Exercise input.
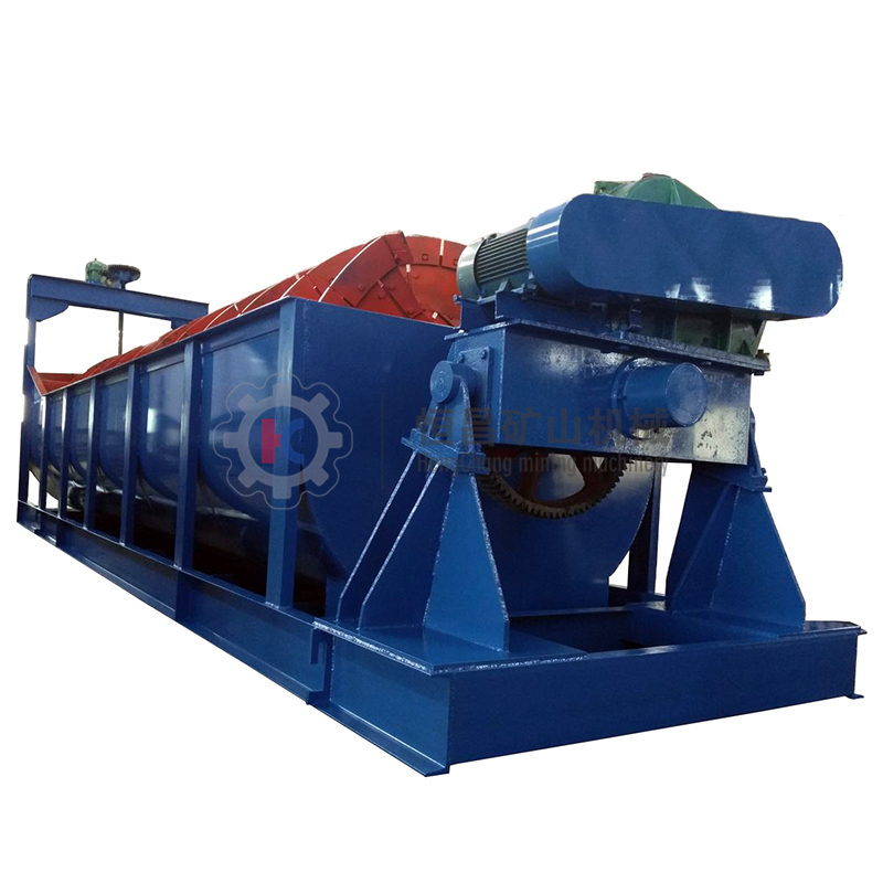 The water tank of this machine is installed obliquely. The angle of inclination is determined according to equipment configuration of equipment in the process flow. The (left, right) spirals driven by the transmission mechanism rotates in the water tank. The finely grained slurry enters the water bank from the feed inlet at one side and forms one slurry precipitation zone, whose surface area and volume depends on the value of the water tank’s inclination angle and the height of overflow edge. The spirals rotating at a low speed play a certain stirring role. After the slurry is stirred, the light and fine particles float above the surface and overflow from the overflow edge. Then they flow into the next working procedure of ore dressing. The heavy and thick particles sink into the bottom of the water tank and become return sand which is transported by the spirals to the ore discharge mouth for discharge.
==
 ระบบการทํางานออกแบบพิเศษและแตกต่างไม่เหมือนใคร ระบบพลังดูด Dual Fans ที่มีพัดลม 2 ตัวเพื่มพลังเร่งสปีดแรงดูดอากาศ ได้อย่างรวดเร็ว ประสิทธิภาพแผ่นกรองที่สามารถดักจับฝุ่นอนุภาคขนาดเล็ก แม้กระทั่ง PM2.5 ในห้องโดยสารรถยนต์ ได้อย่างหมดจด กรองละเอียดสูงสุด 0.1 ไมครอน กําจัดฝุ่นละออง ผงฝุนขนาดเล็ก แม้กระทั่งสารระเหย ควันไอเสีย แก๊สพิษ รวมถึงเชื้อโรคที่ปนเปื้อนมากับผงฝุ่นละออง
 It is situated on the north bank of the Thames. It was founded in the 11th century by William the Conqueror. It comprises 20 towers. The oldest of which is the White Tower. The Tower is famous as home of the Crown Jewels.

Problem statement. Give back, word for word, only the lines above from the line holding "ระบบการทํางานออกแบบพิเศษและแตกต่างไม่เหมือนใคร ระบบพลังดูด Dual" to the line holding "It is situated", both included.

Response to this exercise.
 ระบบการทํางานออกแบบพิเศษและแตกต่างไม่เหมือนใคร ระบบพลังดูด Dual Fans ที่มีพัดลม 2 ตัวเพื่มพลังเร่งสปีดแรงดูดอากาศ ได้อย่างรวดเร็ว ประสิทธิภาพแผ่นกรองที่สามารถดักจับฝุ่นอนุภาคขนาดเล็ก แม้กระทั่ง PM2.5 ในห้องโดยสารรถยนต์ ได้อย่างหมดจด กรองละเอียดสูงสุด 0.1 ไมครอน กําจัดฝุ่นละออง ผงฝุนขนาดเล็ก แม้กระทั่งสารระเหย ควันไอเสีย แก๊สพิษ รวมถึงเชื้อโรคที่ปนเปื้อนมากับผงฝุ่นละออง
 It is situated on the north bank of the Thames. It was founded in the 11th century by William the Conqueror. It comprises 20 towers. The oldest of which is the White Tower. The Tower is famous as home of the Crown Jewels.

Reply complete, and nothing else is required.